--- Activity ---
Nothing outside the range is to be copied. From the entries below, reproduce exactly the lines starting at the one with "half-zip pullover. Designed" and ending at the one with "3.懸鏈式拋丸機在工件隨吊鏈", without pictures.

━━━━

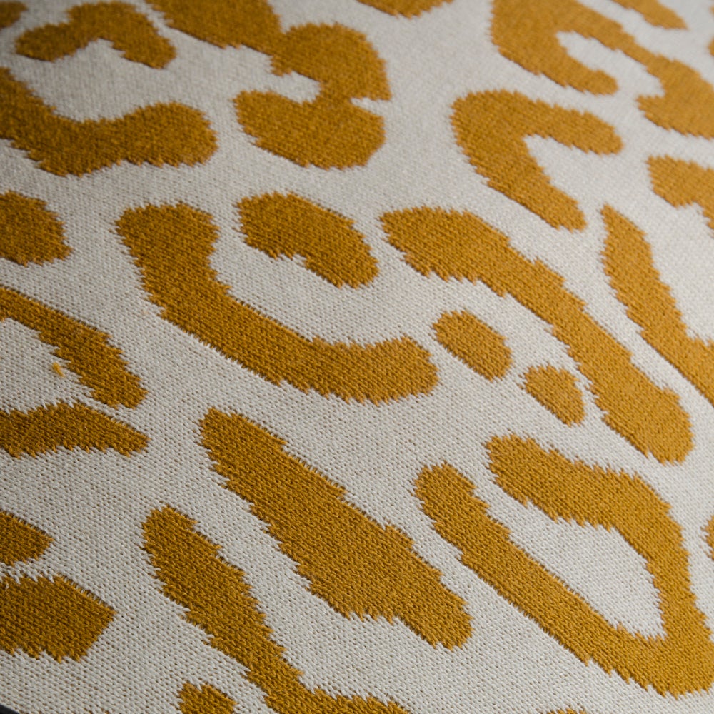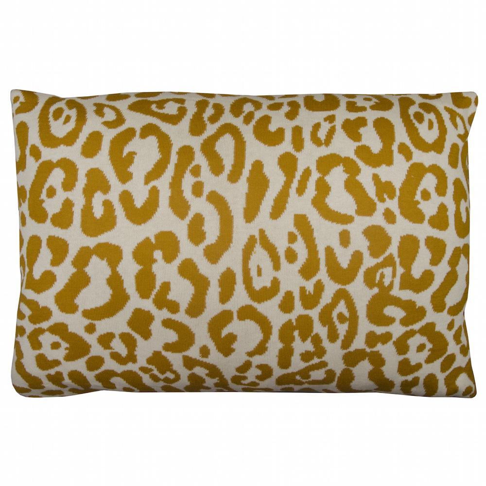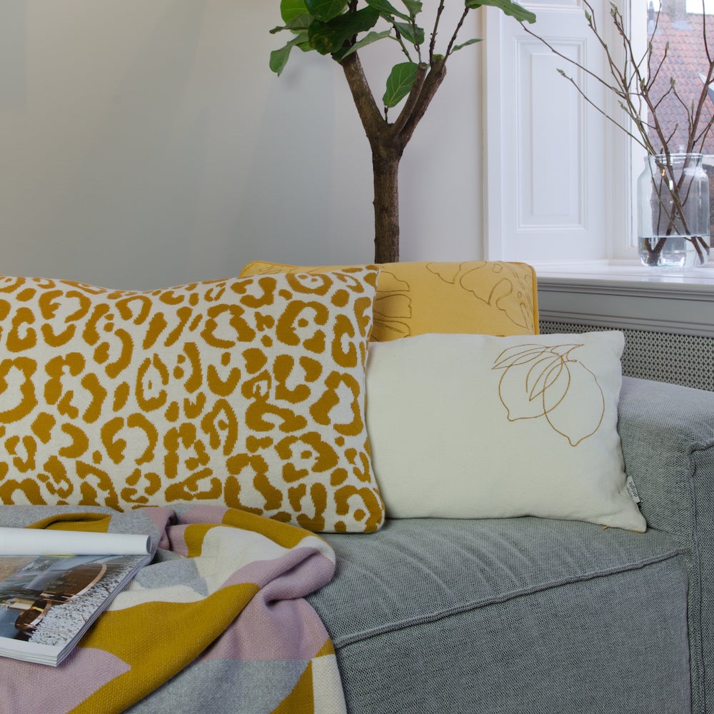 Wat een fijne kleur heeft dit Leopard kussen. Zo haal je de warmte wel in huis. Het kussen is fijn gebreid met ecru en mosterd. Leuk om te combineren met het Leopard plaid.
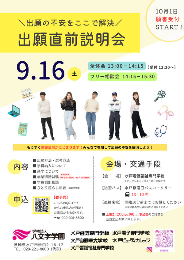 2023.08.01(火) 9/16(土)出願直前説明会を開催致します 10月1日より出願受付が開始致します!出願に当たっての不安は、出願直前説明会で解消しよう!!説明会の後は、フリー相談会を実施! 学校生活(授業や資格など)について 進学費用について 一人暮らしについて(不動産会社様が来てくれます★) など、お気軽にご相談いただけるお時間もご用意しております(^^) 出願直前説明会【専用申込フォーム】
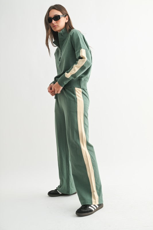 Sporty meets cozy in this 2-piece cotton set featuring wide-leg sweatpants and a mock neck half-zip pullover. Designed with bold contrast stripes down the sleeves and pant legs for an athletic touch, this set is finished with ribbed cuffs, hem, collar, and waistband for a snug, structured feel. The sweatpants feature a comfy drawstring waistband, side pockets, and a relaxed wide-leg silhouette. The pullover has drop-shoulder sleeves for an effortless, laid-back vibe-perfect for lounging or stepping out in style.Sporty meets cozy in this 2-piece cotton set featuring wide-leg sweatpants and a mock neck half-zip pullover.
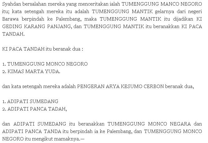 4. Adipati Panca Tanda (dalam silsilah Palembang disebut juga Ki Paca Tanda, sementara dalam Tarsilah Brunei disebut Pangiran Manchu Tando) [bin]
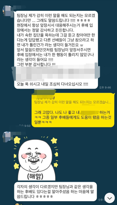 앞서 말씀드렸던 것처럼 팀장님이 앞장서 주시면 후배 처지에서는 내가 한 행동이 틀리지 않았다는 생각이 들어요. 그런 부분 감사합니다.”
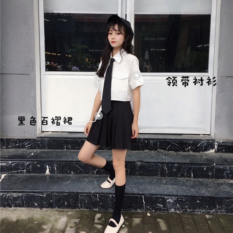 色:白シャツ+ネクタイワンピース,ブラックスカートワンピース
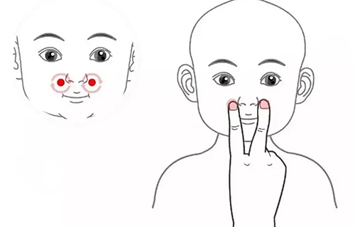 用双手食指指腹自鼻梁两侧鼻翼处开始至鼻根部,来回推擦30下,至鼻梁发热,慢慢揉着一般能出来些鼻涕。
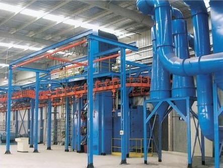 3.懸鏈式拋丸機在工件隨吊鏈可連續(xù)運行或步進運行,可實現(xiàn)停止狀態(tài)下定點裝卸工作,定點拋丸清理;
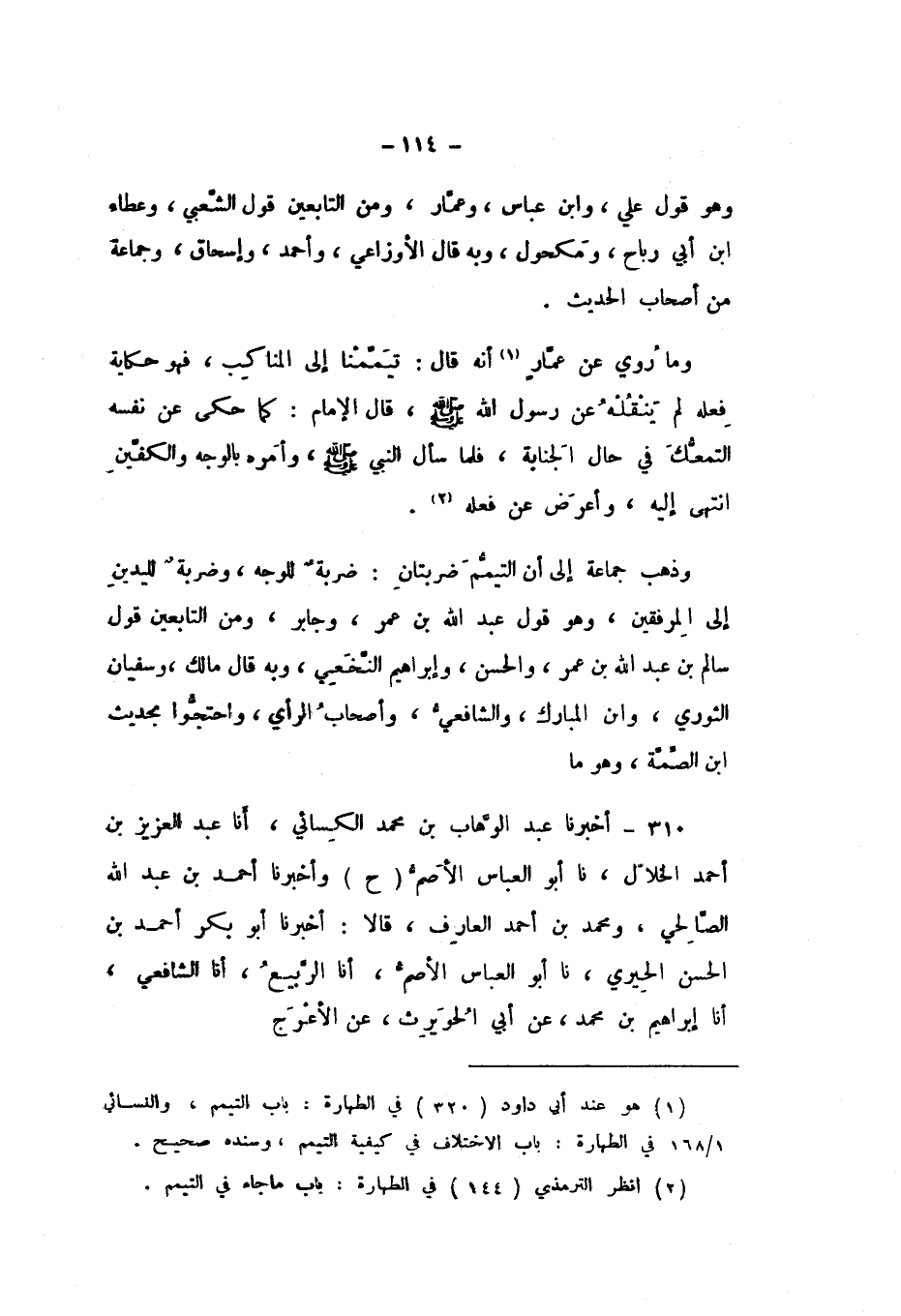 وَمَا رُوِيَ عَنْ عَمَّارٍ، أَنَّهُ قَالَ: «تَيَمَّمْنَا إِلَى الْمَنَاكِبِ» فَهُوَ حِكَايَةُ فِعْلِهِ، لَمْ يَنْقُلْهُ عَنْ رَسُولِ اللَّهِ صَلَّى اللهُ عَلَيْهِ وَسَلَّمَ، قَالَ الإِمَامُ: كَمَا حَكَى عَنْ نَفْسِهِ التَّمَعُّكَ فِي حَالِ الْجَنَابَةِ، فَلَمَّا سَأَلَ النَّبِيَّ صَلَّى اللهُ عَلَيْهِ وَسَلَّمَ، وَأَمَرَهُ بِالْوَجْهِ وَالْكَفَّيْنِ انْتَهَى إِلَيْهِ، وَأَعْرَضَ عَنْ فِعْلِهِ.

━━━━

--- Solution to the exercise ---
 Sporty meets cozy in this 2-piece cotton set featuring wide-leg sweatpants and a mock neck half-zip pullover. Designed with bold contrast stripes down the sleeves and pant legs for an athletic touch, this set is finished with ribbed cuffs, hem, collar, and waistband for a snug, structured feel. The sweatpants feature a comfy drawstring waistband, side pockets, and a relaxed wide-leg silhouette. The pullover has drop-shoulder sleeves for an effortless, laid-back vibe-perfect for lounging or stepping out in style.Sporty meets cozy in this 2-piece cotton set featuring wide-leg sweatpants and a mock neck half-zip pullover.
 4. Adipati Panca Tanda (dalam silsilah Palembang disebut juga Ki Paca Tanda, sementara dalam Tarsilah Brunei disebut Pangiran Manchu Tando) [bin]
 앞서 말씀드렸던 것처럼 팀장님이 앞장서 주시면 후배 처지에서는 내가 한 행동이 틀리지 않았다는 생각이 들어요. 그런 부분 감사합니다.”
 色:白シャツ+ネクタイワンピース,ブラックスカートワンピース
 用双手食指指腹自鼻梁两侧鼻翼处开始至鼻根部,来回推擦30下,至鼻梁发热,慢慢揉着一般能出来些鼻涕。
 3.懸鏈式拋丸機在工件隨吊鏈可連續(xù)運行或步進運行,可實現(xiàn)停止狀態(tài)下定點裝卸工作,定點拋丸清理;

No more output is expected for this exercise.